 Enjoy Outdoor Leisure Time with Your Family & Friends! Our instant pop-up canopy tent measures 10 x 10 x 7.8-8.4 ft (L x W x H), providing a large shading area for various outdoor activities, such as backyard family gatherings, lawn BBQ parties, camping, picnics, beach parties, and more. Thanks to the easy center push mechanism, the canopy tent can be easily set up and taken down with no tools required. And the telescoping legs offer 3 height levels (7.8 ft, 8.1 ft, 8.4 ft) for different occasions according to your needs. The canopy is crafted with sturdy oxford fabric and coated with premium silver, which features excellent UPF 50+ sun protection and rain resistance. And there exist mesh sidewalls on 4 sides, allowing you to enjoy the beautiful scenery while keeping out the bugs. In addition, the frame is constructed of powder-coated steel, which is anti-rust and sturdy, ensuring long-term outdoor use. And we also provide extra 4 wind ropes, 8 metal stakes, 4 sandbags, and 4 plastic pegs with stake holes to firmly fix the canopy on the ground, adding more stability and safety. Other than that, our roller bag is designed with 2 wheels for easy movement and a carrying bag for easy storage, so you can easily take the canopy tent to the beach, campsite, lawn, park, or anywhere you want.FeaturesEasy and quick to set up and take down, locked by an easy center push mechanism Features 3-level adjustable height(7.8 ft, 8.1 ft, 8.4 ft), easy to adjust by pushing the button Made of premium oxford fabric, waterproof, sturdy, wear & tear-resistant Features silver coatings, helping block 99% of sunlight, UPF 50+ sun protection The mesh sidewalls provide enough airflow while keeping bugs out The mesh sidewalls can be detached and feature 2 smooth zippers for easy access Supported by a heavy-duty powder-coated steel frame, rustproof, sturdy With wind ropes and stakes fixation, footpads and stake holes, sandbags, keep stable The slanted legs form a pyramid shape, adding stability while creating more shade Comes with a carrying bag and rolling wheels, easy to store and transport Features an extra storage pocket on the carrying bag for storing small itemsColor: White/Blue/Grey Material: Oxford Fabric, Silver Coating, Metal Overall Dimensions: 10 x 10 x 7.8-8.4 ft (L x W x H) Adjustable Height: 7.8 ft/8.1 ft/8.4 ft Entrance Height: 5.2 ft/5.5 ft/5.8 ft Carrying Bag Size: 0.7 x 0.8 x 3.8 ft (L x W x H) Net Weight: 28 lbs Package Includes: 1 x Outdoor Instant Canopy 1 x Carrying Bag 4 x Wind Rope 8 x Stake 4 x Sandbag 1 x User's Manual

--------------------------------

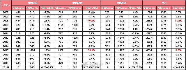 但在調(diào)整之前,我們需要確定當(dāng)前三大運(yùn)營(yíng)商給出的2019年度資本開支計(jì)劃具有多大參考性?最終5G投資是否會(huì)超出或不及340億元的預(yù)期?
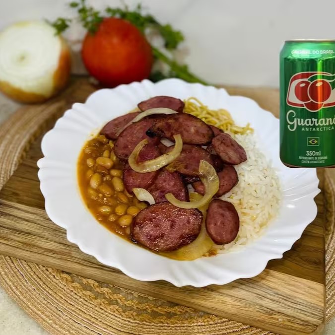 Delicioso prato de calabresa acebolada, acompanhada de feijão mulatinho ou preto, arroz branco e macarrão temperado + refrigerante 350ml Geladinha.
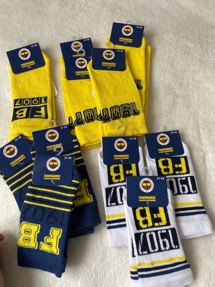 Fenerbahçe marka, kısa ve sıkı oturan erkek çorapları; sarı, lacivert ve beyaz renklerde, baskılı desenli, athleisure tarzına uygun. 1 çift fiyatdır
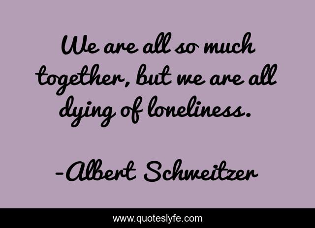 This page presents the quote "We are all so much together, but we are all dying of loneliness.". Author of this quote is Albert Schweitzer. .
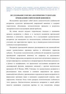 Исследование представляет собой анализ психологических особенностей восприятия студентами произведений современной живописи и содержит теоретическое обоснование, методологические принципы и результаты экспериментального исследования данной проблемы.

--------------------------------

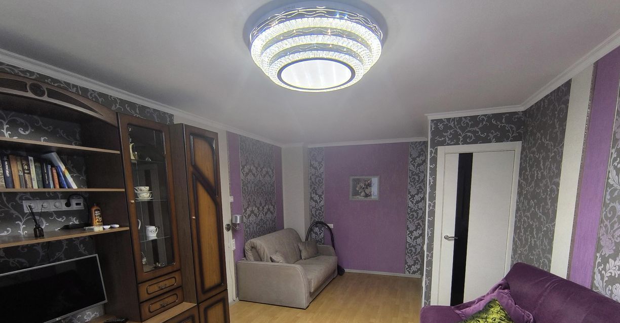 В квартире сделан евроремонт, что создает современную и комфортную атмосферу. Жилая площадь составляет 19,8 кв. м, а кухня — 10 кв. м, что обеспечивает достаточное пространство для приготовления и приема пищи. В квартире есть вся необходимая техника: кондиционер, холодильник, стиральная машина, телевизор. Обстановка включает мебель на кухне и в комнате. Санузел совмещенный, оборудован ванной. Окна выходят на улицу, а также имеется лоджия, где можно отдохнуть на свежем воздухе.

--------------------------------

__Task directions__. Please return the data above exactly as it stands from the line with "Fenerbahçe marka, kısa" to the line with "Исследование представляет собой", keeping both of those lines but none of the pictures.

__Answer to the problem__.
 Fenerbahçe marka, kısa ve sıkı oturan erkek çorapları; sarı, lacivert ve beyaz renklerde, baskılı desenli, athleisure tarzına uygun. 1 çift fiyatdır
 This page presents the quote "We are all so much together, but we are all dying of loneliness.". Author of this quote is Albert Schweitzer. .
 Исследование представляет собой анализ психологических особенностей восприятия студентами произведений современной живописи и содержит теоретическое обоснование, методологические принципы и результаты экспериментального исследования данной проблемы.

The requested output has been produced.